Creality Cloud e Creality Print: due strumenti collegati
Creality mantiene anche il proprio slicer desktop Creality Print, disponibile per computer. Il centro download ufficiale indica Creality Print come software FFF sviluppato da Shenzhen Creality 3D Technology Co., Ltd., con funzioni di ricerca, caricamento, importazione, modifica modelli, impostazione dei parametri, controllo remoto e collegamento con Creality Cloud. Lo stesso strumento consente di salvare G-code sul computer, inviarlo via USB o Wi-Fi e importare o esportare G-code da Creality Cloud.

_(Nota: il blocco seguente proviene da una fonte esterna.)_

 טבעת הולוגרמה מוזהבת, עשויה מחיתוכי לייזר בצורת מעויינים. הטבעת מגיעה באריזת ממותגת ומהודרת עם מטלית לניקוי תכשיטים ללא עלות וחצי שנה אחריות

Questo significa che Creality non sta abbandonando il desktop, ma sta cercando di collegare meglio computer, app e cloud. Per gli utenti esperti il software su PC resta più adatto a regolazioni fini, profili complessi e controllo dettagliato. Per operazioni più rapide, la piattaforma mobile può invece bastare, soprattutto se il modello è semplice o se il profilo è già collaudato.

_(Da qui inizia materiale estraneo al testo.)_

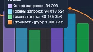 Сколько токенов в сутки на ИИ тратим мы. Вот, 160 млн. за 23 сентября, совокупно. Цена вышла нам за этот день 1000 р. Другими словами - мы за 1000 р. в день обработали суммарно 160 млн. токенов (вход + выход)...
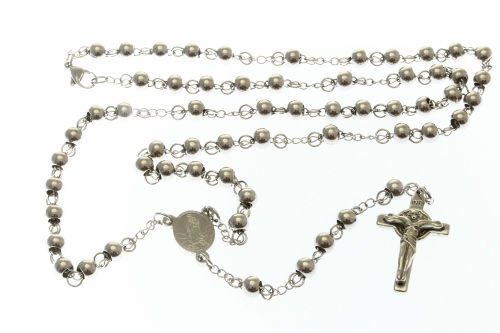 STAINLESS STEEL ROSARY NECLKACE WITH JESUS CROSS ALL IN S/S COLOR

A chi serve davvero lo slicing su smartphone
Lo slicing su smartphone non è pensato per sostituire ogni flusso professionale. Chi lavora con materiali tecnici, grandi volumi, tolleranze strette o produzioni ripetitive continuerà a preferire un ambiente più controllato. Anche chi usa firmware modificati, profili Klipper complessi o impostazioni avanzate potrebbe trovare l’app mobile troppo limitata.
Il vantaggio è più chiaro per tre categorie di utenti. La prima è quella dei principianti, che vogliono passare dal modello alla stampa senza capire subito ogni parametro dello slicing. La seconda è quella dei maker che stampano spesso oggetti semplici, accessori, supporti, organizer, decorazioni o parti non critiche. La terza è quella degli utenti che usano già l’ecosistema Creality e vogliono gestire modelli, file e stampanti nello stesso ambiente.

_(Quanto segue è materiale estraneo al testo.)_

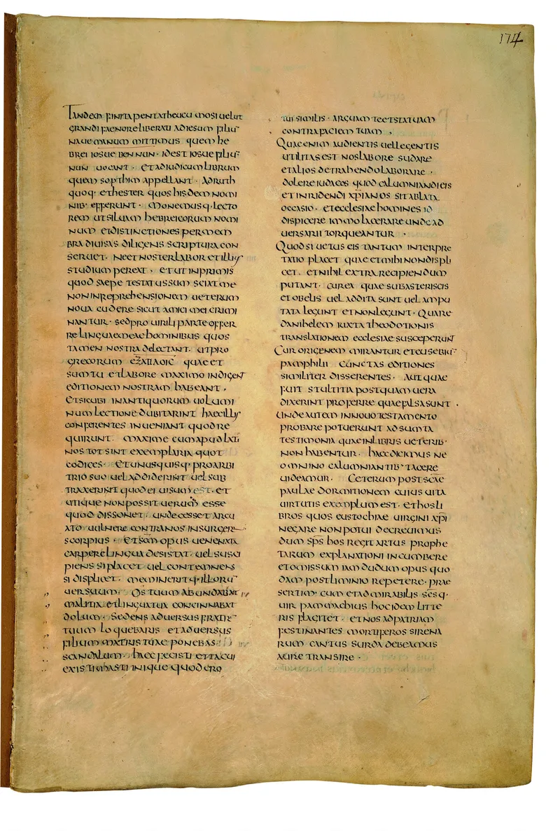 Folio of the Codex Amiatinus, the oldest surviving complete Latin Vulgate manuscript, made c. 700 AD at the twin Northumbrian monasteries of Monkwearmouth and Jarrow under Abbot Ceolfrith. Approximately corresponds to Judges 10 in Vulgate book order. The page shows the actual eighth-century insular-uncial script as it would have been read by the monks who produced it for Pope Gregory II.

In questi casi, Creality Cloud 7.3 può ridurre il numero di strumenti necessari. Non elimina la curva di apprendimento della stampa 3D, ma abbassa la soglia d’ingresso per chi vuole stampare senza passare ogni volta da computer, cavo, scheda SD e cartelle locali.
Un passo verso ecosistemi più pratici, ma da valutare sul campo
Creality Cloud 7.3 va letto come un aggiornamento di ecosistema. Non introduce una nuova stampante, un nuovo materiale o una tecnologia di stampa diversa, ma lavora sull’esperienza d’uso: meno passaggi, più importazione da fonti esterne, maggiore compatibilità con file 3MF, collegamento con slicer di terze parti e gestione mobile più completa.
Per il mercato consumer e prosumer questa direzione è importante. Le stampanti 3D sono diventate più veloci, più automatiche e più connesse, ma il software resta spesso il punto in cui l’utente perde tempo. Un’app che unisce libreria, slicing, invio alla stampante e controllo remoto può rendere la stampa più accessibile, a patto che non chiuda troppo l’utente dentro un solo ecosistema.
Il vero banco di prova sarà la qualità delle conversioni, la gestione dei profili, la stabilità dell’app e la compatibilità reale con file provenienti da strumenti diversi. Se Creality riuscirà a mantenere un buon equilibrio tra semplicità e controllo, Creality Cloud potrà diventare una porta d’ingresso più comoda per chi stampa da smartphone e un supporto utile anche per chi usa già slicer desktop più avanzati.